Pheed was a mobile pay-per-view technology and social networking service founded by O.D. Kobo, Tony DeNiro, and Phil Haus. In March 2014, 18 months from launch, a subsidiary of América Móvil acquired the service for $40 million in cash and stock.

==History==
Pheed began development in Los Angeles as a web platform by Internet entrepreneur Phil Haus and music producer Tony DeNiro. Realizing that mobile was the future of social media, Haus and DeNiro refocused their service to a mobile app, introducing at the time the first pay-per-view live stream technology at the App Store. Pheed launched in November 2012 and was aimed at a creative and younger audience than Facebook's demographic.

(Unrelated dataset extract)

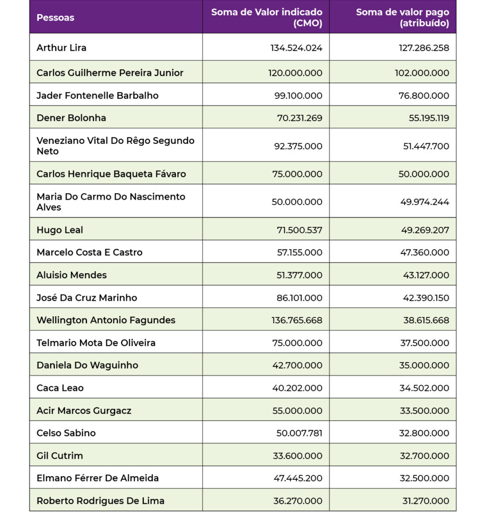 - Atribuição preferencial de valores de execução a deputados e senadores em detrimento de indicações de usuários externos.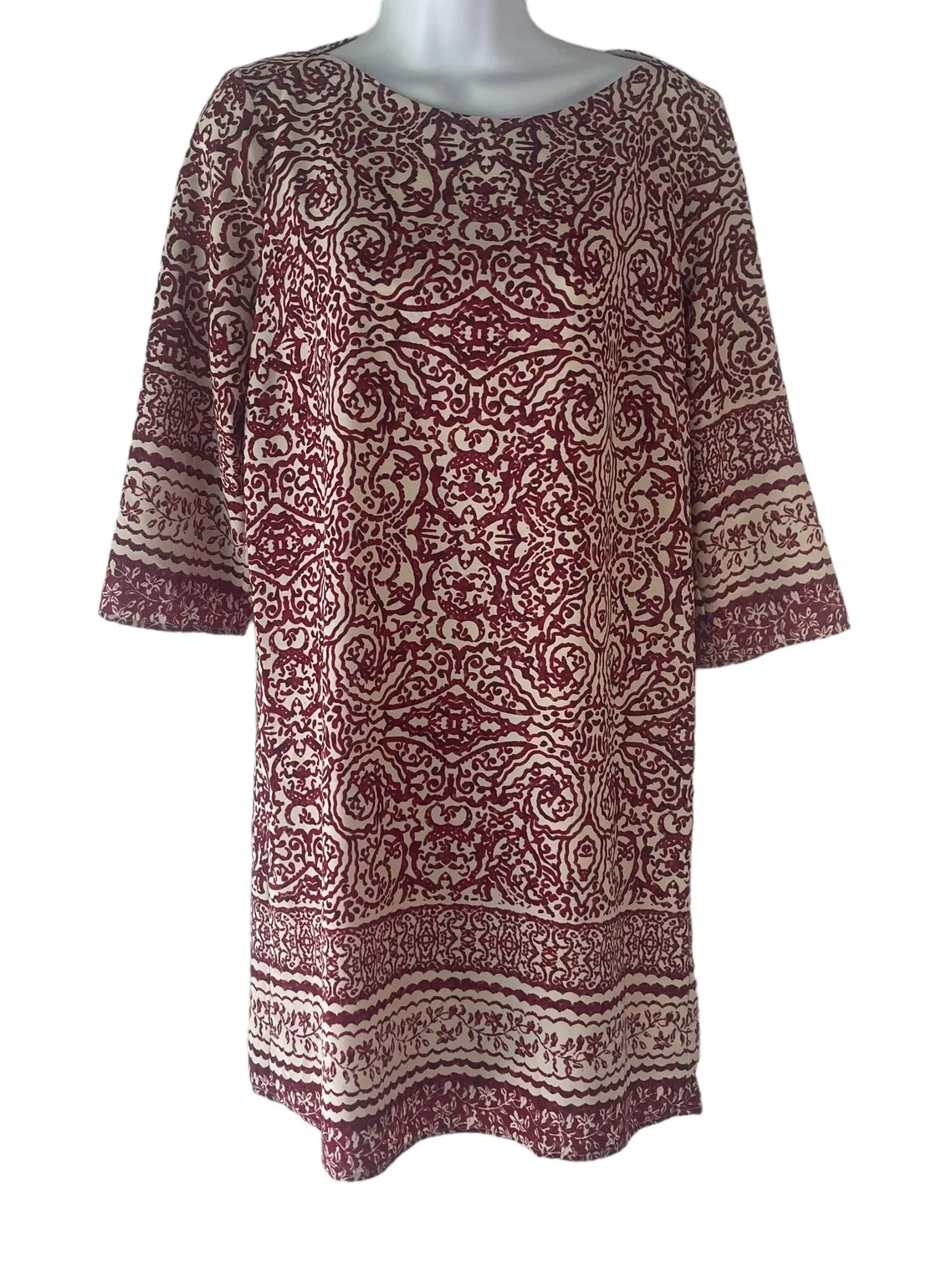 Anthropologie Skies Are Blue Size XS Red Printed Sheath Midi Dress Pit To Pit 18" Length 34" I... Show more

Pheed combined text, video, images and audio, and included a live broadcast option. Pheed was the first app on the App Store to offer pay-per-view live streaming, covering both individual elements (such as a video or audio event), or subscriptions to a full feed that can be scheduled for a specific time or day with a specific cost, and mobile applications through the Apple App Store and Google Play. The Pheeds could also be shared by Twitter, Facebook, and Gmail, and could be copyrighted, making them the user's property. They could also be kept on the user's wall without any other users seeing it. A user's friends could be invited through Facebook, Twitter, or Gmail.

==Acquisition==
Pheed was acquired by Móvil Media a subsidiary of América Móvil, companies majority owned by Carlos Slim Helú, in March 2014 for $40 million. In April 2016, Pheed was shut down and the technology integrated to América Móvil platforms.